"Mas, kamu nggak apa-apa, Mas?"
Sherin menghampiri sang suami yang belum beranjak dari lantai. Malah berpura-pura lemah dengan memegangi sudut bibir yang memar. Bahkan, berulang kali ia mendesis dan mengaduh perih.
"Maafin Mas Devan ya, dia hanya kebawa emosi tadi," sambung Sherin. Meski belum tahu kebenarannya seperti apa, tapi dia tetap percaya pada suaminya.
Sudah banyak cinta yang ia tunjukkan, mana mungkin mengecewakan. Begitulah pikir Sherin.
Ia tak tahu jika faktanya, dirinya sama sekali tak mengenal baik suaminya.
"Sherin, obati dulu suamimu. Mama akan ke kamar," ujar Dewi sembari memijit pelipis. Pening kepalanya memikirkan perkara yang rumit barusan.
Namun, belum jauh ia melangkah pergi, Karel sudah bicara dan membuatnya berhenti sejenak.
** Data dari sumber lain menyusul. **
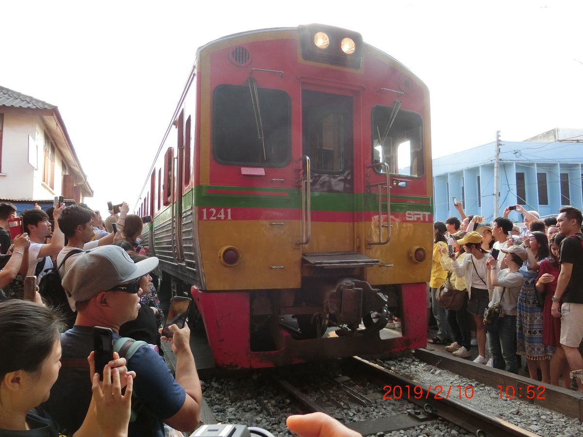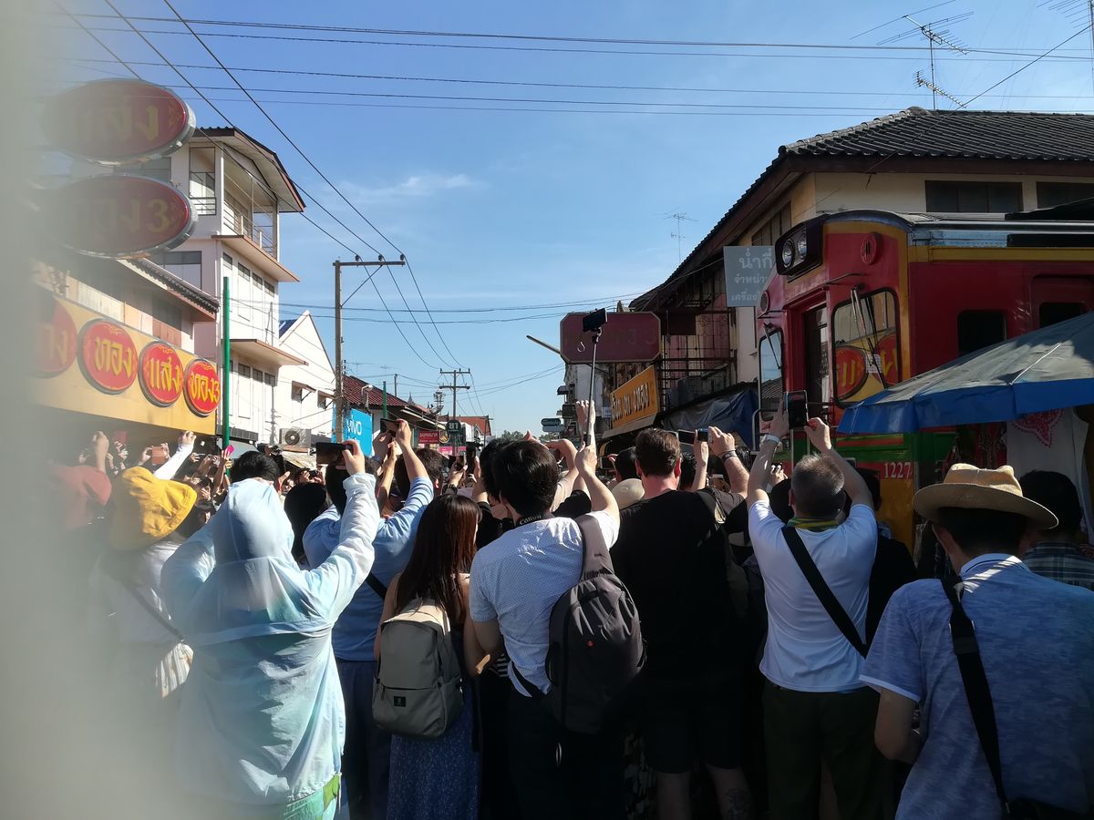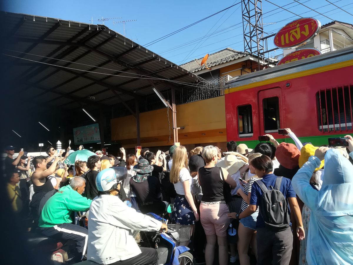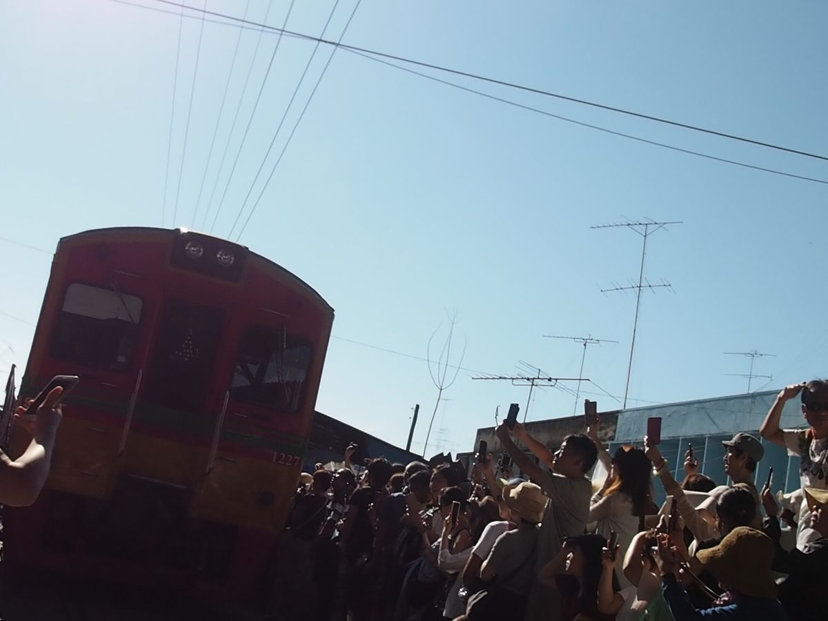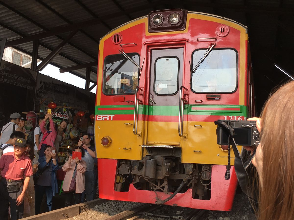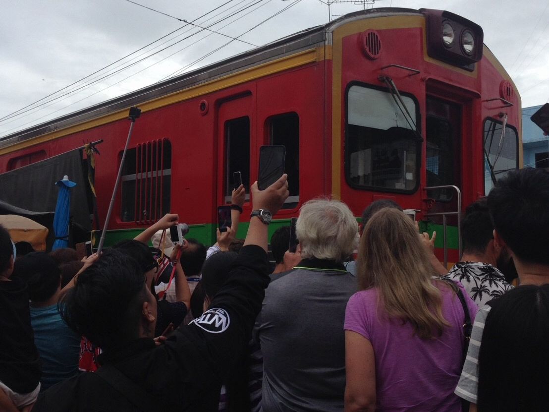 GWで観光客も多かったからか、メークロン市場の電車は早めに場所取りしておかないと人だかりでよく見えません。

"Aku mengerti seandainya Mama nggak percaya sama aku. Uang itu ... nanti biar aku yang ganti, Ma. Aku teledor, urusan sebesar itu nggak bicara sama Mama sejak awal, jadi udah sepatutnya kalau aku yang bertanggung jawab." Karel memelas. Menutupi hati kotornya dengan berpura-pura lemah.
"Mama nggak menyalahkan kamu, apalagi menyuruhmu bertanggung jawab. Mama hanya bingung dan butuh waktu untuk berpikir." Dewi menoleh sekilas, lantas kembali melanjutkan langkahnya.
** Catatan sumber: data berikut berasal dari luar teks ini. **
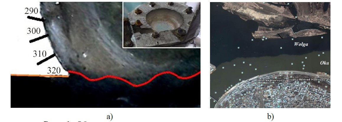 2. Fig. 1. Formation of elastic waves from the merger at an angle of two flows: a) in a vortex chamber (on a special stand with the introduction of a coloring solution-visualizer); b) at the confluence of the giant streams of the Oka and Volga rivers
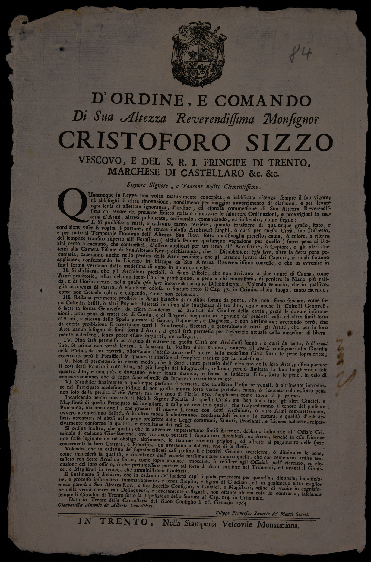 | D'ordine e comando di sua altezza reverendissima monsignor Cristoforo Sizzo vescovo e del S.R.I. principe di Trento, marchese di Castellaro &c. &c. signore signore, e padrone nostro clementissimo |
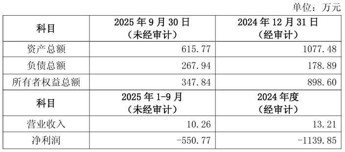 但在业绩方面,目前该公司处于净利润亏损状态。2024年,中科鸿泰实现营业收入13.21万元,净利润亏损1139.85万元。2025年1-9月,中科鸿泰实现营业收入10.26万元,净利润亏损550.77万元。
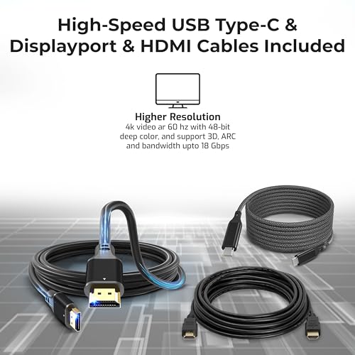 Alimentación: Adaptador de corriente 130 vatios CA 120/230 V (50/60 Hz). Interfaz de acoplamiento: USB-C. Cable incluido: 1x SuperSpeed USB-C cable (3. 3 pies).
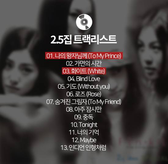 핑클의 겨울 대표곡 ‘화이트(White)’ 또한 이 앨범의 수록곡이다. 이 노래는 지난해 12월 여성 듀오 다비치가 리메이크해 원곡이 다시 관심을 끌기도 했다.
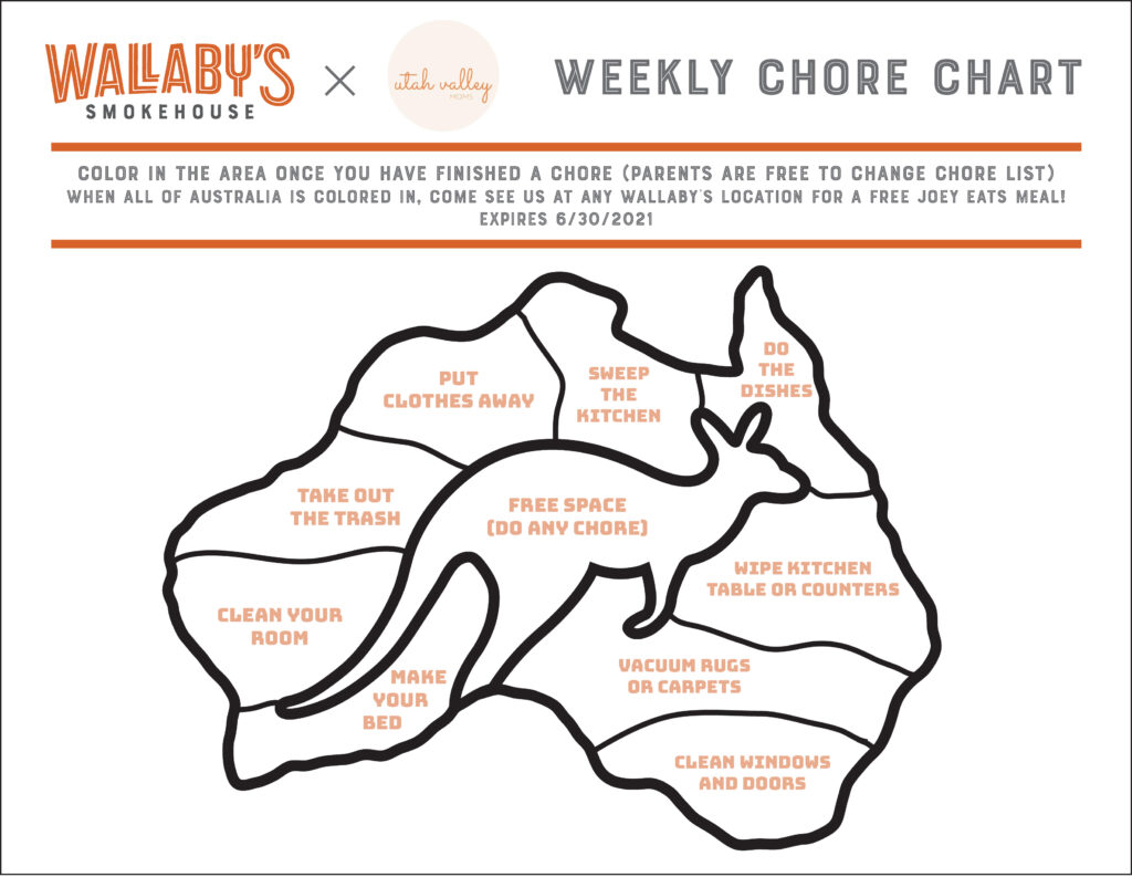 Print out our Kids Chore Chart, fill it out and turn it in for a Free Kids Meal in June!
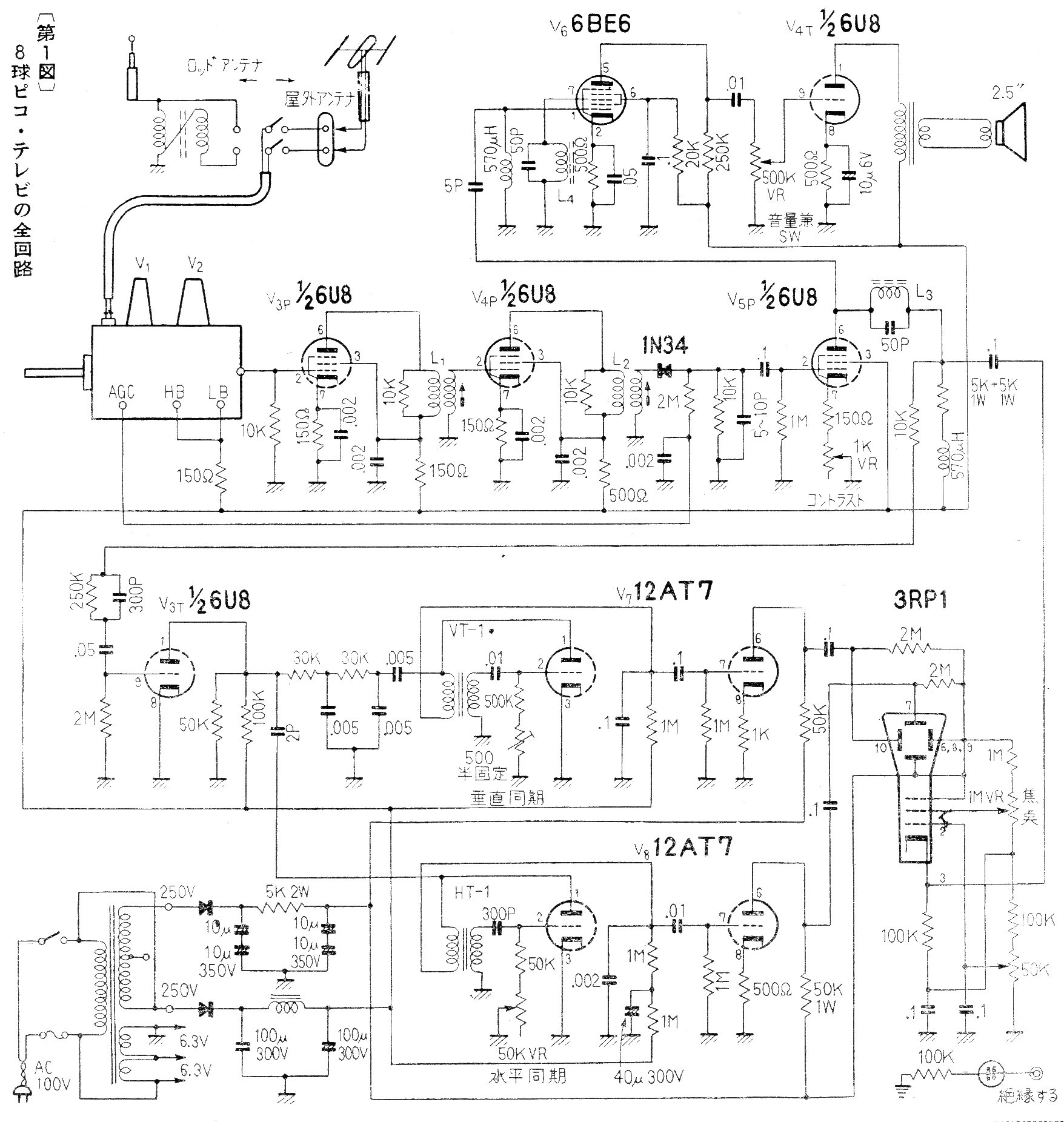 Este circuito de los años 60 es muy interesante. Consiste en un osciloscopio que también es un receptor de TV analógica. El circuito utiliza un selector de TV estándar comercial de la época. Encontramos en una documentación de los años 60.
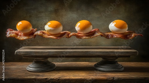 Naklejka premium Surreal Breakfast Scene: Floating Bacon and Eggs Defying Gravity in a Unique...

Dalam hatinya, Dewi tak percaya jika Karel berbohong, karena selama ini lelaki itu tak pernah berulah, malah jasanya sudah cukup banyak di perusahaan. Sementara Devan, Dewi juga tak yakin jika dia berdusta. Selama ini, anaknya itu sangat bijak, mencerminkan lelaki yang bermoral. Jadi, agak mustahil melakukan banyak skandal sampai menghabiskan uang ratusan juta.
Namun, jika keduanya tidak mungkin, lantas siapa yang salah? Pengakuan keduanya saling bertentangan, otomatis ada pihak benar dan salah di antara mereka.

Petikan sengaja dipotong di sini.